WHAT IS EXPECTED: With pictures left out, extract every line between the start of the records below and the line holding "复古砂洗麻料内里包边翻领长袖衬衫女文艺大码显瘦休闲上衣", inclusive.

**** TASK MATERIAL ****

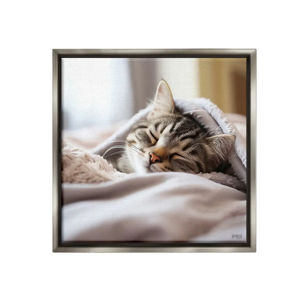 Elevate your home or office to the next level with Stupell Framed Floating Canvas Wall Art. Our premium hand-stretched canvas is mounted securely into a sturdy lightweight frame. The museum-style gap between the wrapped canvas and the box frame gives the illusion of floating artwork. Stupell Wall Art is made in the USA.Features: Dimensions: 18 x 1.7 x 18 Frame, 17 x 1.5 x 17 Canvas ArtFloating Frame Canvas Products are available in sizes 18"x18" and 25"x25". All Floating Frame Canvas Products have a 1.7" Depth.Wall Art is Ready to Hang with Hardware Free Hanging. No Installation required. For Easy Set Up Lean or Layer Artwork on Shelf or Against Wall. Artwork is Permently Fixed into the Frame.Our elevated 1.7" Thick Floating Frame is the perfect complement to our canvas style Wall Art. We use only the highest quality inks in house with industry leading printing solutions. Canvas is hand stretched over a durable wood foundation and then mounted securly into a Modern Box Frame. Made in the USA.Artwork Relates To: Animal, Cat, Kitten, Mammal, Pet, Blanket, Person, Sleeping, BlanketDesign by RB
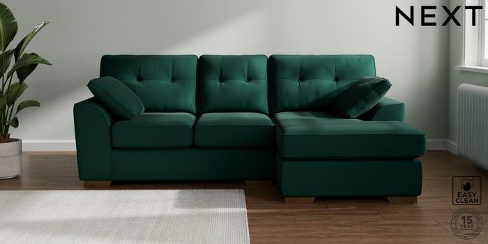 7.2.10 Stamford Buttoned Back Small Sofa Chaise - Right Hand Plush Velvet Easy Clean Bottle Green Large Square Angle - Mid | Made Click here to use our website with more accessibility support, for example screen readers
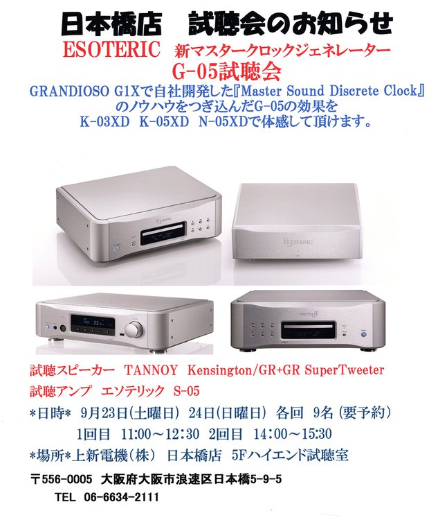 エソテリックの最新クロックジェネレーター「G-05」の試聴会が、大阪・日本橋のジョーシン日本橋店にて、9月23日(土)と24日(日)に開催される。
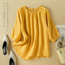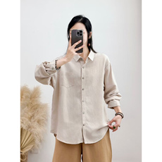复古砂洗麻料内里包边翻领长袖衬衫女文艺大码显瘦休闲上衣
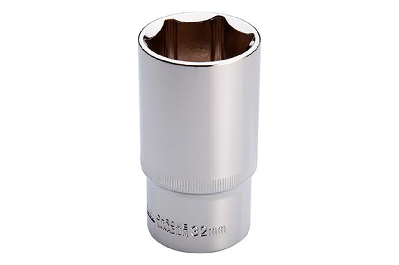 Шестигранна головка ET-0132 виконана з хром-ванадієвої сталі, що надає їй високу міцність, пружність і зносостійкість. Завдяки шестигранною формі досягається висока площу зіткнення з закручується елементом, що дозволяє застосовувати великий крутний момент і зводить до мінімуму ймовірність "злизування" граней елемента кріплення. Довжина головки - 78 мм, що дозволяє застосовувати її при роботі з поглибленими деталями або кріпленням на виступаючих шпильках. Квадрат: 1/2 "; Розмір головки: 32 мм; Довжина головки: 78 мм

****

ANSWER TO THE EXERCISE:
 Elevate your home or office to the next level with Stupell Framed Floating Canvas Wall Art. Our premium hand-stretched canvas is mounted securely into a sturdy lightweight frame. The museum-style gap between the wrapped canvas and the box frame gives the illusion of floating artwork. Stupell Wall Art is made in the USA.Features: Dimensions: 18 x 1.7 x 18 Frame, 17 x 1.5 x 17 Canvas ArtFloating Frame Canvas Products are available in sizes 18"x18" and 25"x25". All Floating Frame Canvas Products have a 1.7" Depth.Wall Art is Ready to Hang with Hardware Free Hanging. No Installation required. For Easy Set Up Lean or Layer Artwork on Shelf or Against Wall. Artwork is Permently Fixed into the Frame.Our elevated 1.7" Thick Floating Frame is the perfect complement to our canvas style Wall Art. We use only the highest quality inks in house with industry leading printing solutions. Canvas is hand stretched over a durable wood foundation and then mounted securly into a Modern Box Frame. Made in the USA.Artwork Relates To: Animal, Cat, Kitten, Mammal, Pet, Blanket, Person, Sleeping, BlanketDesign by RB
 7.2.10 Stamford Buttoned Back Small Sofa Chaise - Right Hand Plush Velvet Easy Clean Bottle Green Large Square Angle - Mid | Made Click here to use our website with more accessibility support, for example screen readers
 エソテリックの最新クロックジェネレーター「G-05」の試聴会が、大阪・日本橋のジョーシン日本橋店にて、9月23日(土)と24日(日)に開催される。
复古砂洗麻料内里包边翻领长袖衬衫女文艺大码显瘦休闲上衣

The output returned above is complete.